Today we switched over from chaotic use of git to the more systematic git-flow. We made our first release, we finally have production code to track, so it is time to get organized. Here’s the fifteen-minute rundown for coworkers:
Git-flow is a methodology for using git, and a git extension that streamlines it. Here’s what you need to know.
There are two branches that last forever.
master: Every commit on master is a release version. Every commit is tagged with its version number. Before code is merged into master, it’s been through all testing and is ready for prod. If you automate production deployment, it’ll work off the master branch.
develop: Work happens on the develop branch. Small changes are direct commits here. Features will be merged in here. develop is always ready for new functionality.
There are three species of branches that come and go. First, let’s take a look at how code gets from develop to master.
release: When the app is feature-complete and ready to release to test, it’s time for a release branch. The release branch is named release/versionNumber. Release branches start from develop. Once a release branch is created, develop represents the next version of the app, while the release branch holds the version under test. Commit any fixes to the release branch.
When testing is complete, finish the release. The release branch is merged into master (and develop, so the fixes get into the next version). Goodbye, release branch. Your commits will remain in our tree forever, but your name is no longer needed.
The next mortal branch is familiar to git developers, even renegades like us who have been committing to master for a year.

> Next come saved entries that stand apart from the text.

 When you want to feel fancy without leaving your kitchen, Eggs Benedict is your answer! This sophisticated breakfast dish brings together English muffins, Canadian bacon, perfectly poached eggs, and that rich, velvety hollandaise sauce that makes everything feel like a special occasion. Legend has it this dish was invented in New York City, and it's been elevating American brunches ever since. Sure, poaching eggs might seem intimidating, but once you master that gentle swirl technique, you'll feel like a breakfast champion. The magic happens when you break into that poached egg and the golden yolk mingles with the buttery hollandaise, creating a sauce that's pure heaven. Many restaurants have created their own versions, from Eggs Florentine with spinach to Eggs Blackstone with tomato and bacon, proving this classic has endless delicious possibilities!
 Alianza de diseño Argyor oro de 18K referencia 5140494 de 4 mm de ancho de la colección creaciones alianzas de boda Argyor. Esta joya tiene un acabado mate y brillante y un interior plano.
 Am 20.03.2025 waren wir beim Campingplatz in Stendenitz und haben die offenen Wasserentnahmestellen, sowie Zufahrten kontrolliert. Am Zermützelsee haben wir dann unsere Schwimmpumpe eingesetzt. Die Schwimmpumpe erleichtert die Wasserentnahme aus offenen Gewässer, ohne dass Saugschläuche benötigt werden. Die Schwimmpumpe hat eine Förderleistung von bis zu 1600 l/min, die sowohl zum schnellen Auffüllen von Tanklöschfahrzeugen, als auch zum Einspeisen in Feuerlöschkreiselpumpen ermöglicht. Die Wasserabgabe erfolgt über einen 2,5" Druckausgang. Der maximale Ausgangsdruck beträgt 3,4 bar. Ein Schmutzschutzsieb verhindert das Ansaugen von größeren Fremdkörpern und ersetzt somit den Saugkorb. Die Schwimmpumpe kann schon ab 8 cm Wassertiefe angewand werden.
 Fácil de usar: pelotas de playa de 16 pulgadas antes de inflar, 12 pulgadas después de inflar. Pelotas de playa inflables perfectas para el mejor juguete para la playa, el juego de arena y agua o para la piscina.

feature: A feature is a piece of new functionality that will be include several commits, span more than a few hours of development, or be worked on by multiple people. Branching groups the commits together for posterity. It allows me to switch at will between work on the feature and fixes or investigations on develop. Starting a feature creates a feature/featureName branch off develop:
Finishing a feature merges back these commits back into develop. The feature branch is deleted, but the commits are still grouped. The merge has the feature branch name in its commit message for posterity(1). Note that a feature can start work while one release is under development, and wind up in the next release.

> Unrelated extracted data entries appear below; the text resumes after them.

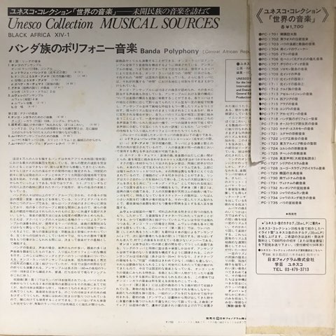 中央アフリカ共和国における最大の民族集団、バンダ族のポリフォニー音楽を現地録音したユネスココレクション〈世界の音楽〉シリーズからの一枚。冒頭1曲目に針を落とすと響き渡る、オンゴと呼ばれるジャケット右端の見た目も音も異形のホルンによる不協和な大合奏からいきなり強烈です!木製ラッパ、ムバヤによるアンサンブルも凄い!これこそ野生の思考。民族音楽大名盤。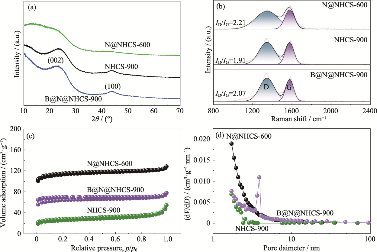 Fig. 4 (a) XRD patterns, (b) Raman spectra, (c) N2 adsorption-desorption isotherms and (d) pore size distributions of N@NHCS-600, B@N@NHCS-900 and NHCS-900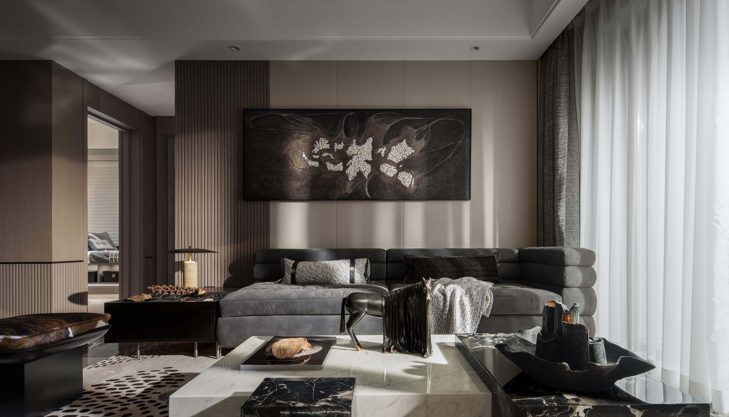 Longhu Fanke Tianfeng, a model room of 142 ㎡ super high-rise experience area with the elegant atmosphere of Eastern culture and modern art, is located in Guangzhou. The designer uses modern artistic techniques to interpret and reconstruct traditional Oriental elegance, constructing the entire spatial order with unbounded fields, expanded perspectives, and elegant scales, and meticulously constructing a humanistic and elegant artistic realm.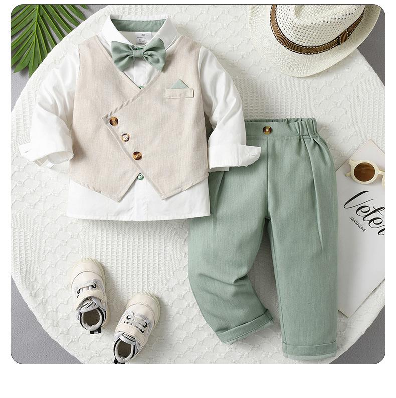 Fábrica de origen Traje pequeño europeo y americano de dos piezas ropa para niños bebé estilo primavera y otoño chaleco falso traje de niño de manga larga
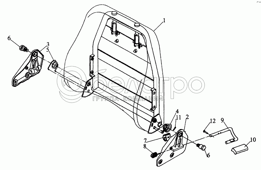 Каталог запасных частей к технике: МАЗ-5440. Механизм поворота и фиксации спинки сиденья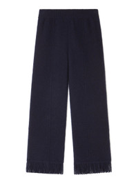 Part of our luxury wellbeing line, the Alanui Finest Pants pairs a relaxed wide-leg fit with the super soft sensation of a cashmere and silk blend in Milano stitch. Each piece in the Alanui Finest line has been specially crafted to offer comfort and timeless appeal. Featuring ribbed waistband and fringed cuffs. PRODUCT DETAILS Product Code LWHG001E24KNI0024600 Made In Italy Crafted from 71% Cashemere 19% Silk 10% Polyester This item takes two hour and an half to be knitted and another two to be assembled. The model is 180 cm and wears a size M. This item fits true to size.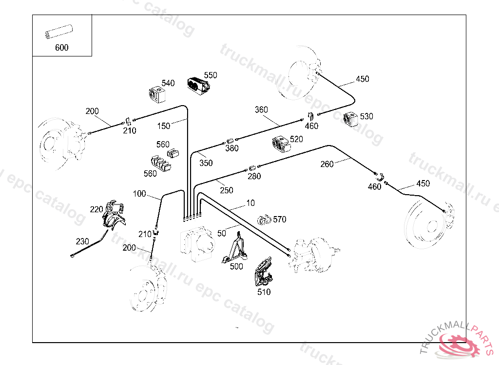 LINE FROM PRESSURE RETAINING VALVE TO RIGHT REAR BRAKE HOSE 3090 MM,P 136599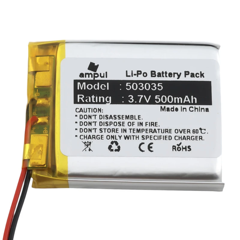 Επαναφορτιζόμενες μπαταρίες λιθίου-πολυμερούς (LiPo) 3.7V/500mAh διαστάσεων 503035 , ιδανικές για επαναφορτιζόμενα κολάρα εντοπισμού και εκπαιδευσης σκύλων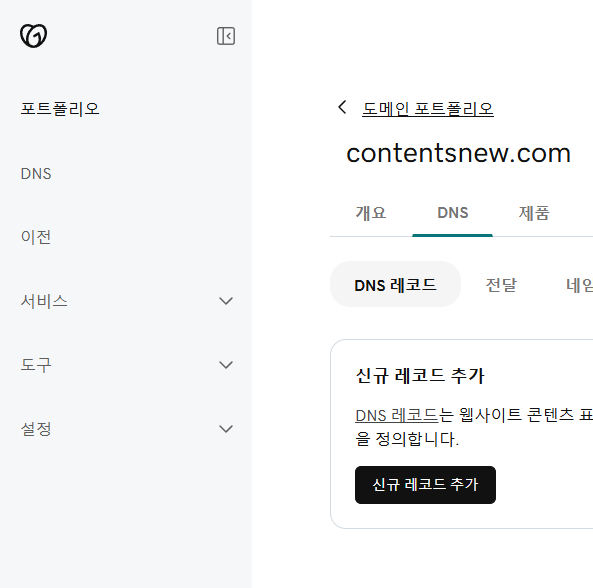 [도메인 포트폴리오 - 본인 도메인 - DNS레코드- 신규레코드 추가]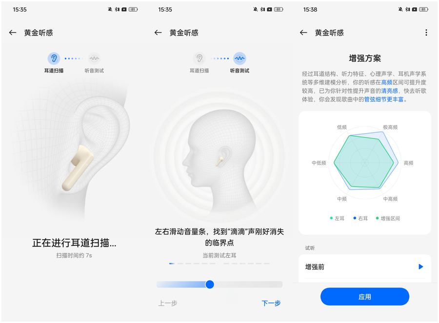 一加 Buds 3支持黄金听感2.0,通过泄露补偿、耳道补偿、个性化听感三大技术,实现个人声音的定制,整个过程操作简单,可以轻松定制适合自己的声音。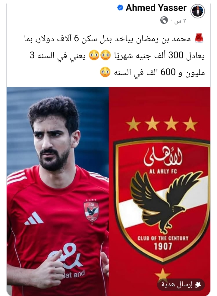 وكتب ياسر عبر حسابه على فيسبوك: "محمد بن رمضان لاعب الأهلي بياخد بدل سكن 6 آلاف دولار، بما يعادل 300 ألف جنيه شهريًا، أي نحو 3.6 مليون جنيه في السنة".

What happens when bug reports come in from the users? How do we get the fixes into production code after develop has moved on with work for the next release?
hotfix: The third species of mortal branch is hotfix. This branches off master, and fixes made here wind up in a new production release. The name of the hotfix branch is hotfix/newVersion.

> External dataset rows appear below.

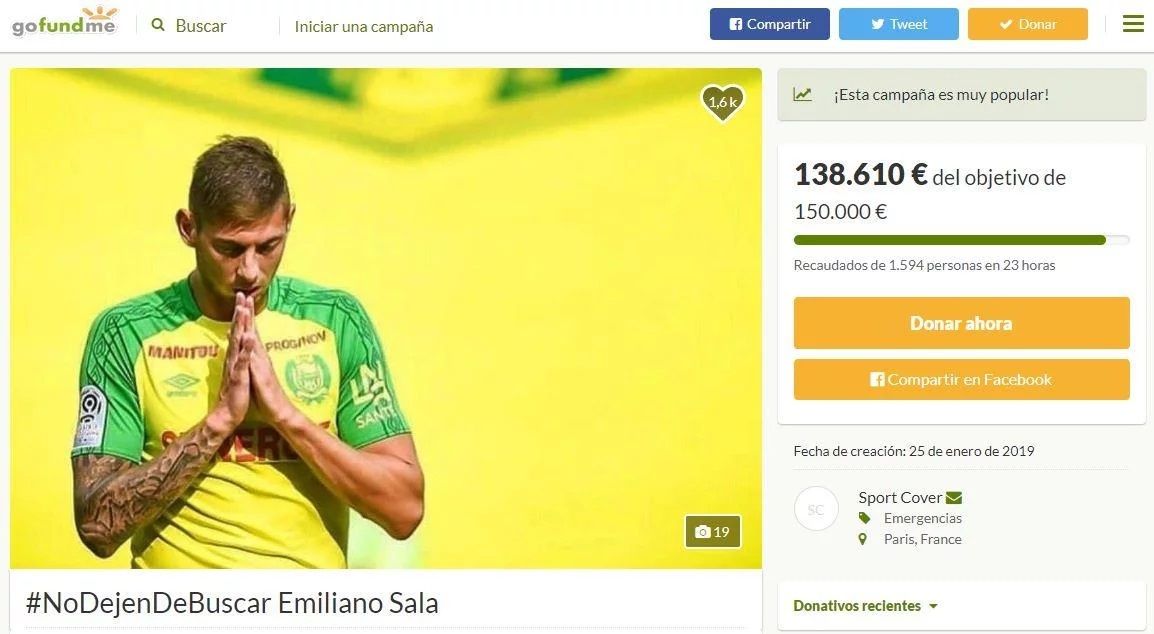 Un día después de que las autoridades dieran por finalizadas las tareas de búsqueda del avión que transportaba al delantero argentino Emiliano Sala, familiares, amigos, hinchas y futbolistas recaudan fondos para que reanuden los operativos.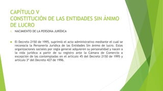 Este documento describe los pasos para constituir una entidad sin ánimo de lucro en Colombia. Explica que estas entidades adquieren personalidad jurídica a través de su registro en la Cámara de Comercio. Detalla los requisitos para la constitución como la escritura pública o documento privado, y el contenido mínimo del acta de constitución. Además, explica que los estatutos son la base normativa y deben incluir aspectos como el nombre, objeto, órganos de dirección y administración.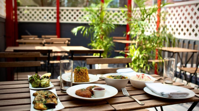 Oh! Calcutta also boasts an enclosed outdoor dining area, while the storefront features a white marble countertop for takeout orders.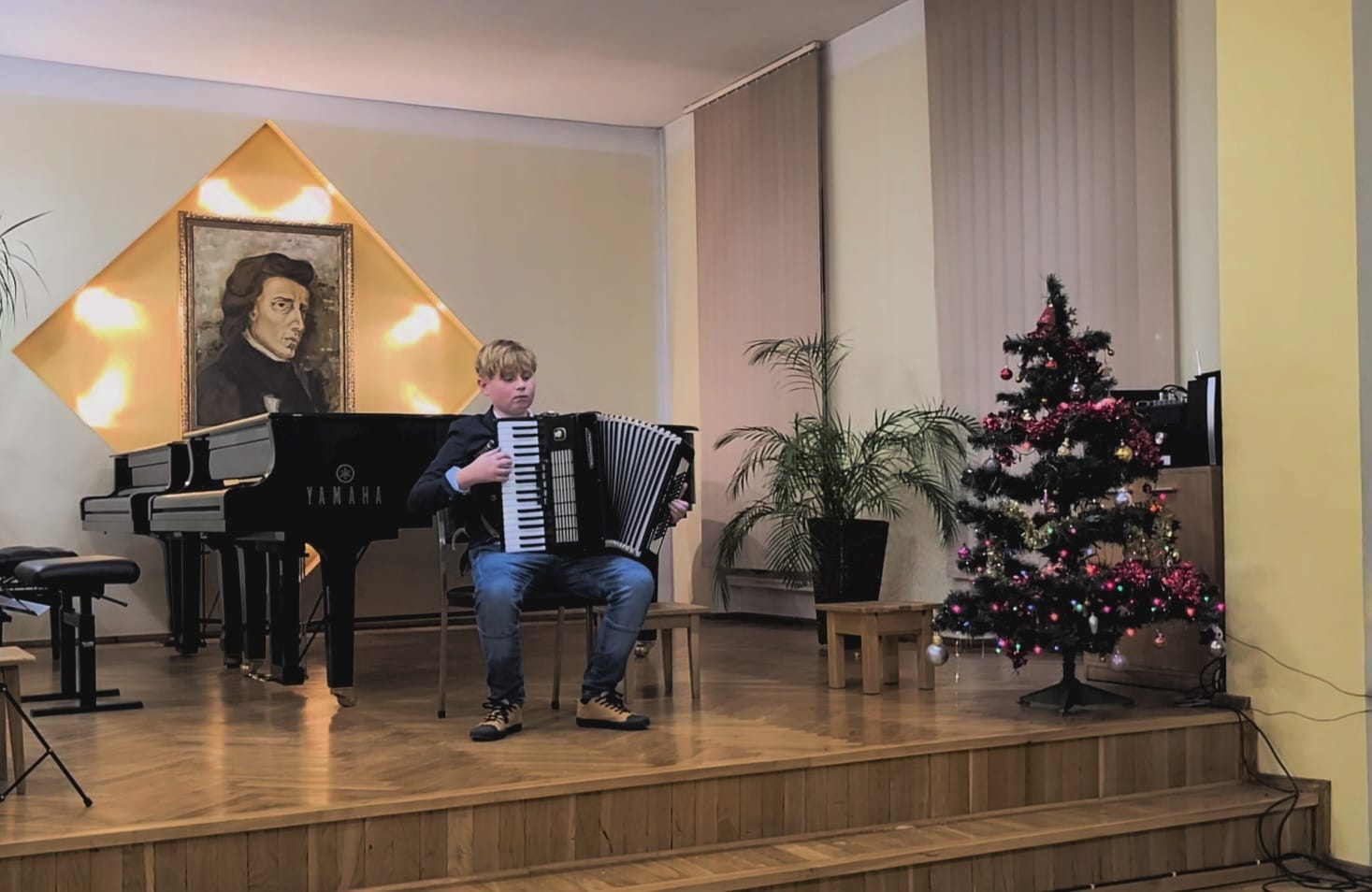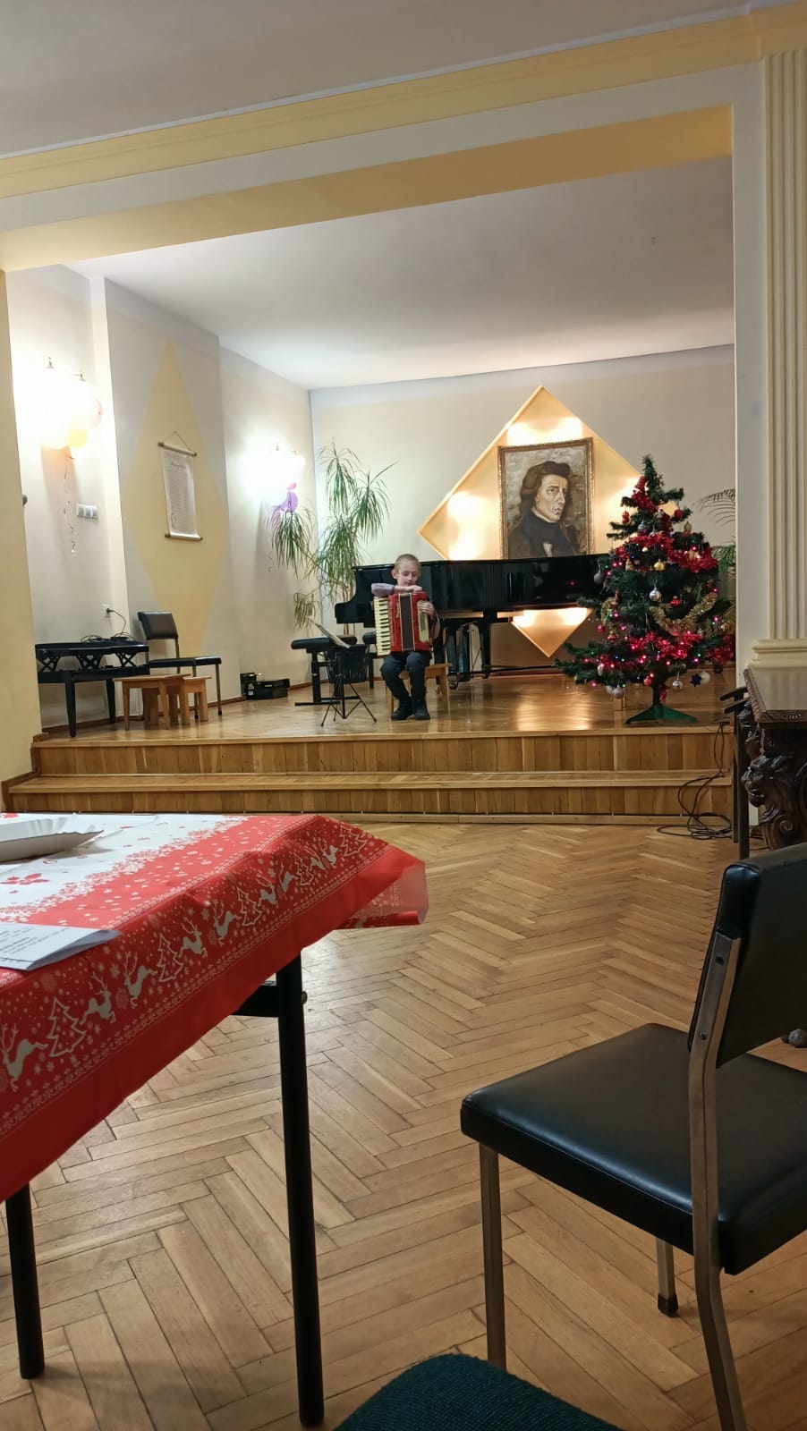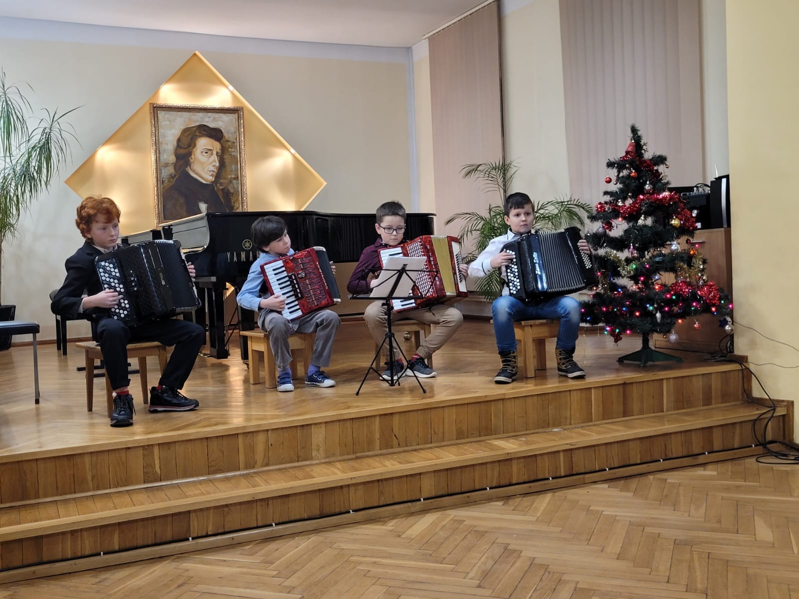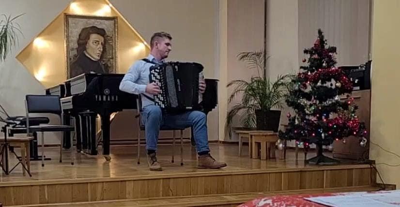 Na początku imprezy wystąpiła cała orkiestra akordeonowa i wykonała kolędę "Pójdźmy wszyscy do stajenki", a następnie, każdy uczeń wykonał swój program solowy. Gratulacje dla wszystkich uczniów i podziękowania dla rodziców za zaangażowanie.

When the hotfix is done, it is merged back into master, forming a new production version. It also gets merged back into develop, to keep develop up with the latest.
That’s the process of git-flow. Two immortal branches, three mortal branch species. master contains only tagged production releases, while develop is always ready for new functionality. Features come off develop and go back to develop. Releases move code from develop to master, with testing in between. Hotfixes branch off master and go back to master as a new release.
Minor complications occur when this system is implemented on a real team across repositories, but that is another post.
(1) If the feature branch has only one commit, then finishing might do a fast-forward with no merge commit.
2 thoughts on “the skinny on git-flow”
What if you have to roll back a release? This lacks a common starting point for all work. Without it, you can lose weekends hotfixing a release. See my blog at http://www.dymitruk.com on how to get rid of this problem.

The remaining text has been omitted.